Bir başkası, kıyaslanamayacak kadar daha ünlü Yunan, daha doğrusu Helenleşmiş Makedon Kralı Büyük İskender, fetih seferlerinde İlyada'nın kahramanı Aşil'i örnek olarak gösteriyor; onun için Homeros'un şiirinin tüm kahramanlık dünyası açık ve nettir. çekiciliğiyle karşı konulmaz. İlyada ve Odysseia'nın otoritesinin mutlak olduğunu ve Homeros'a duyulan saygının oybirliğiyle olduğunu söylemek abartı olur. Rakipler arasında örneğin çağdaşları ve soyundan gelenler tarafından da geniş saygı duyulan bir başka büyük Yunanlı, filozof Platon da var. Ancak o bile Homeros'un şiirlerinin itibarını sarsamadı. Platon'un saldırılarından ve dahası her türlü saldırıdan başarıyla kurtuldular.
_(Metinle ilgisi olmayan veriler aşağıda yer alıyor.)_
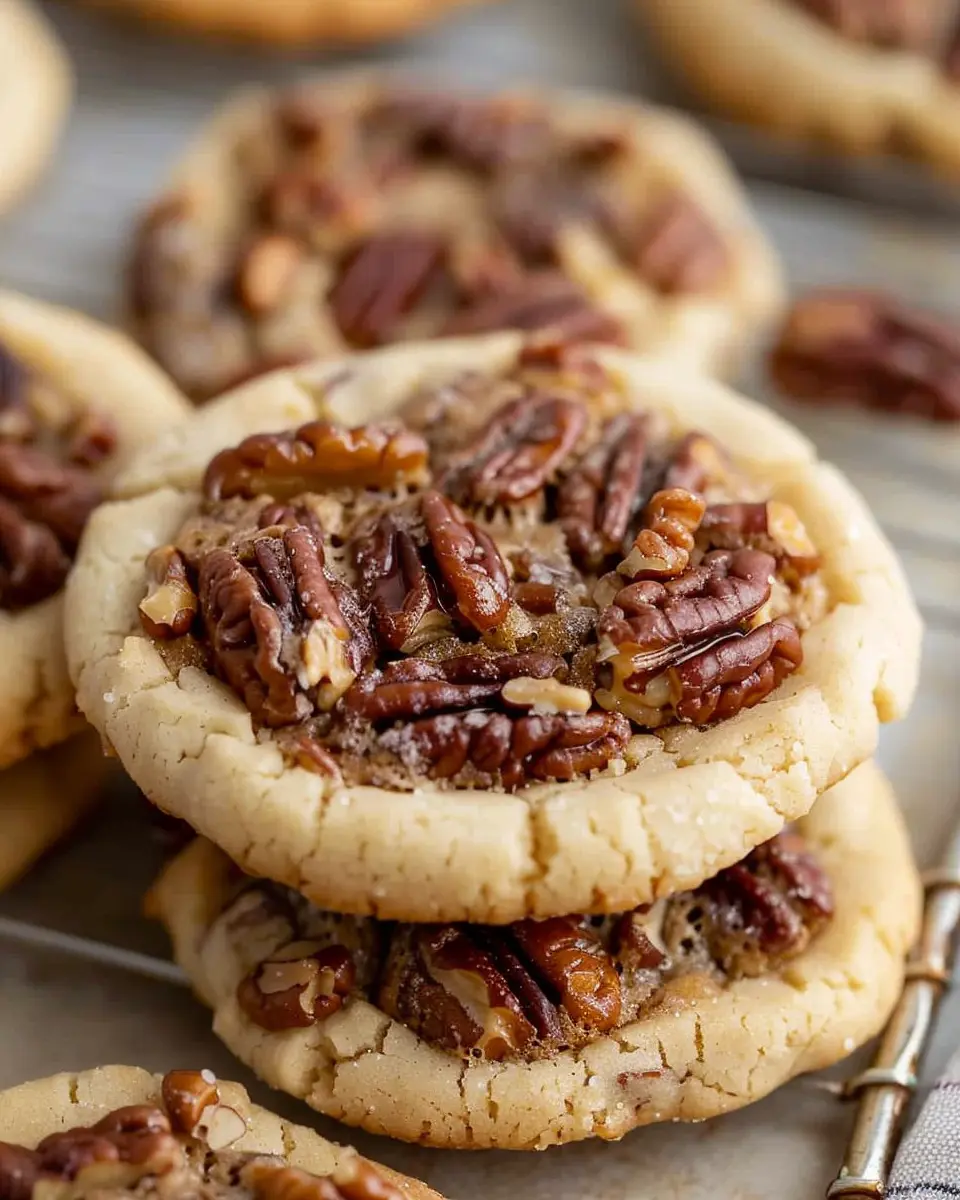 Once the cookies have cooled completely, it’s time for the fun part! Take a cookie, create a small indentation in the center, and spoon a generous amount of the pecan pie filling into that space. You can top with a few extra pecans for a stunning finish.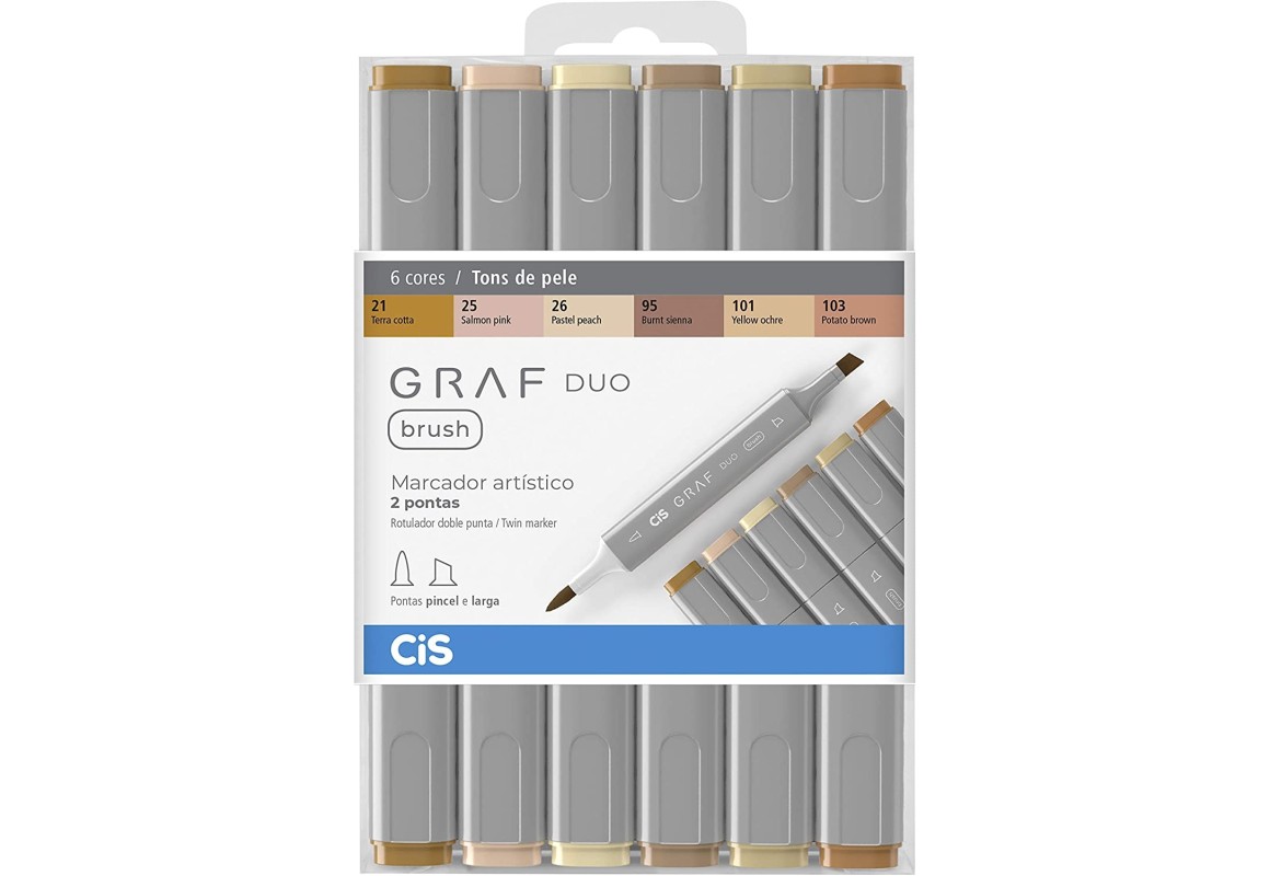 MARCADOR CIS GRAF DUO BRUSH EST COM 6 CORES TONS DE PELE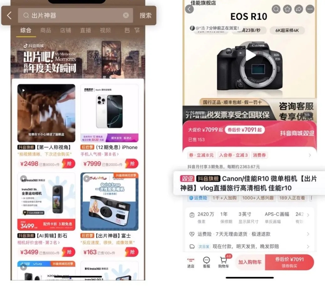 在這個(gè)過(guò)程中,搜索發(fā)揮著關(guān)鍵作用。比如,隨著年末到來(lái),抖音用戶紛紛打開(kāi)相冊(cè)回顧這一年的精彩瞬間,在“出片吧!我的年度美好瞬間”等話題下分享照片,營(yíng)造滿滿的儀式感。佳能捕捉到這一趨勢(shì),通過(guò)內(nèi)容的批量種草,引導(dǎo)用戶搜索“出片神器”,將其孵化成熱門(mén)搜索小藍(lán)詞。此外,品牌還積極進(jìn)行商品的標(biāo)題優(yōu)化,提升占詞效率,提升流量承接,帶動(dòng)了單品和全店業(yè)績(jī)的爆發(fā)。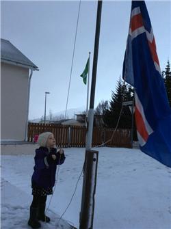 Að lokum flaggaði hann íslenska fánanum í tilefni dagsins.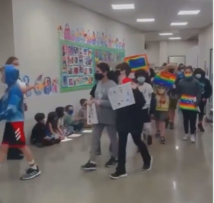 Or provide rainbow flags and buttons to 3rd graders (and instruct those students they must not tell their parents about what was discussed during school pride week)?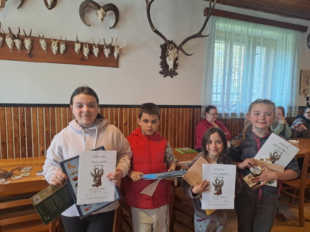Gratulujeme! Děkujeme za klidný a příjemný slunečný den, za zvídavost dětí a touhu bádat, za radost z objevování nového, za společné setkávání. Děkuji odborníkům z praxe, myslivcům, Hance Pavlištové a Luďkovi Skalickému. Poděkování patří i pomocníkům z řad absolventů kroužku: Radimu Tomanovi, Lucce Vávrové, Táně Vošvrdové a Hynkovi Holendovi. Jste pro děti vzorem a myslím, že i vhodnou motivací. Díky.
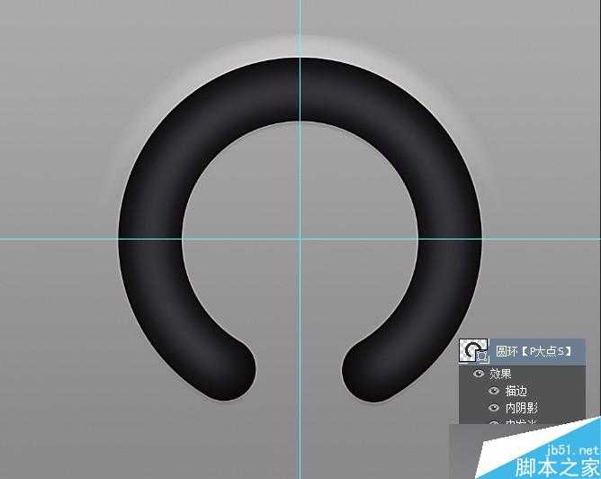 设置前景色为黑色#000000,跟刚才一样的操作方法,利用布尔运算,画出下图中的这个小的圆环出来,添加一个图层样式。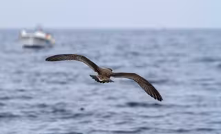 Pardela cenicienta con una barca de artes menores al fondo, en aguas del Espacio Marino de la Costa Central Catalana. - PEP ARCOS - SEO/BIRDLIFE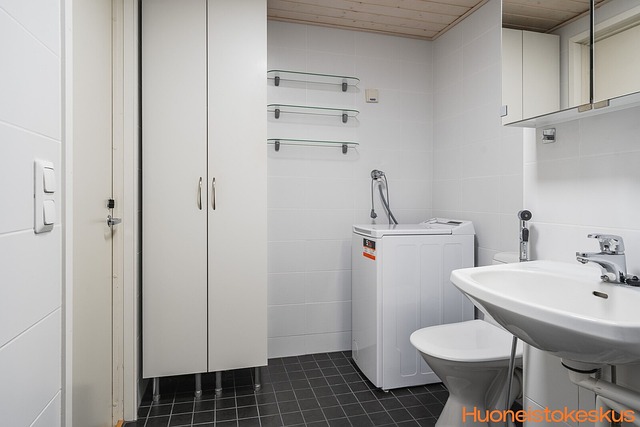 - Pesukoneliitäntä, wc-istuin, peilikaappi, suihku, suihkuseinä, ja kiinteät valaisimet
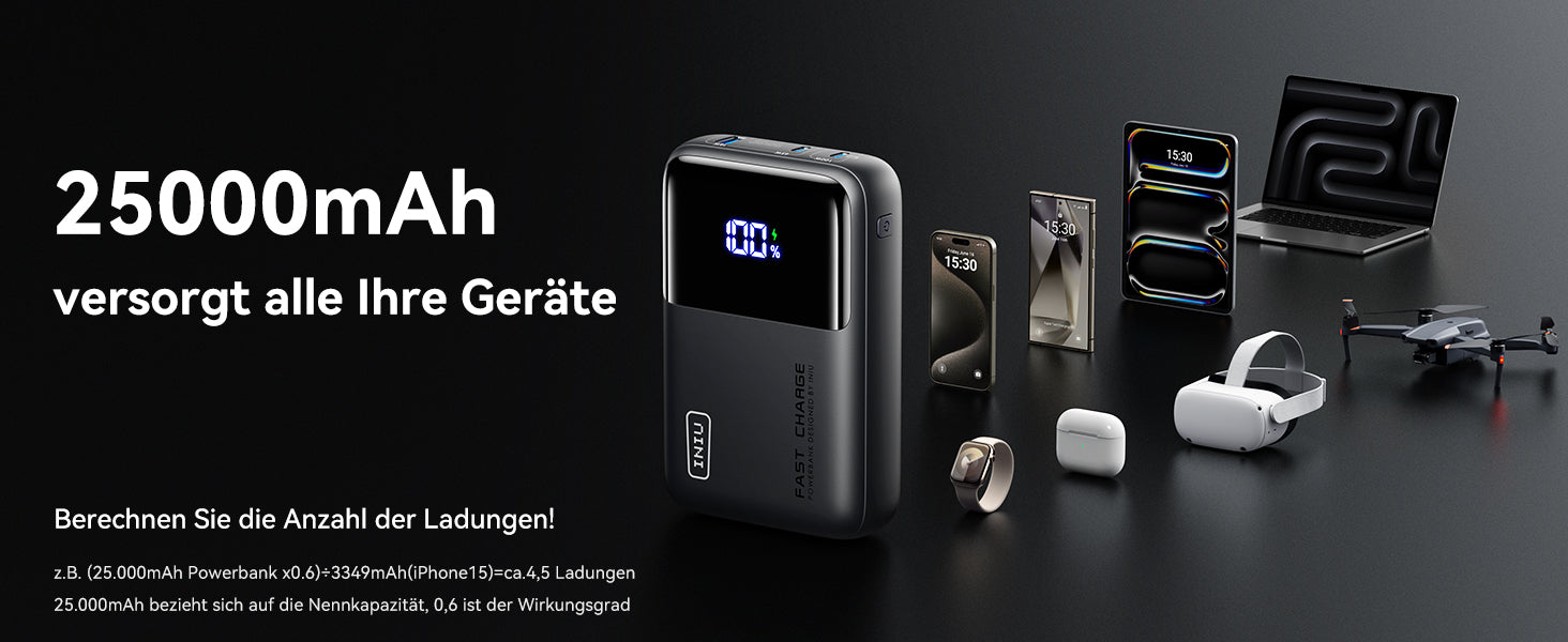 INIU Cougar P63-E1 Kleinste Powerbank mit 100W 25000mAh

İlyada ve Odysseia, ayrıcalıklı yetkilerinin ötesinde, daha derin bir anlamda antik kültürün başlıca metinleridir. Homeros'un şiirleri Yunan ruhunun ilk bütünsel ve eksiksiz ifadesini temsil eder. İlk önce onlarda şekillendi ve temelde başarılmış bir şey olarak somutlaştırıldı. Gelecekte antik Yunan kültürü geniş ve derinlemesine gelişecek. İçinde yeni temalar ve dönüşümler ortaya çıkacak, bir şeylerden vazgeçecek, bir şeyler kazanacak. Ancak yine de antik Yunan kültürünü tanımlayan ve önemli olaylar İlyada ve Odysseia'da gerçekleşti. Her halükarda, Yunan ruhunun onu bir bütün olarak temsil edebilecek başka bir enkarnasyonu asla görünmeyecek; Homeros'la karşılaştırıldığında tüm ihtişamı, derinliği ve gücüyle eski Yunan kültürünün başka herhangi bir fenomeni. şiirler daha tek taraflı ve kısmi kalacaktır. Antik Yunanistan'ın tamamı için yalnızca Homeros destanı temsil edilebilmektedir.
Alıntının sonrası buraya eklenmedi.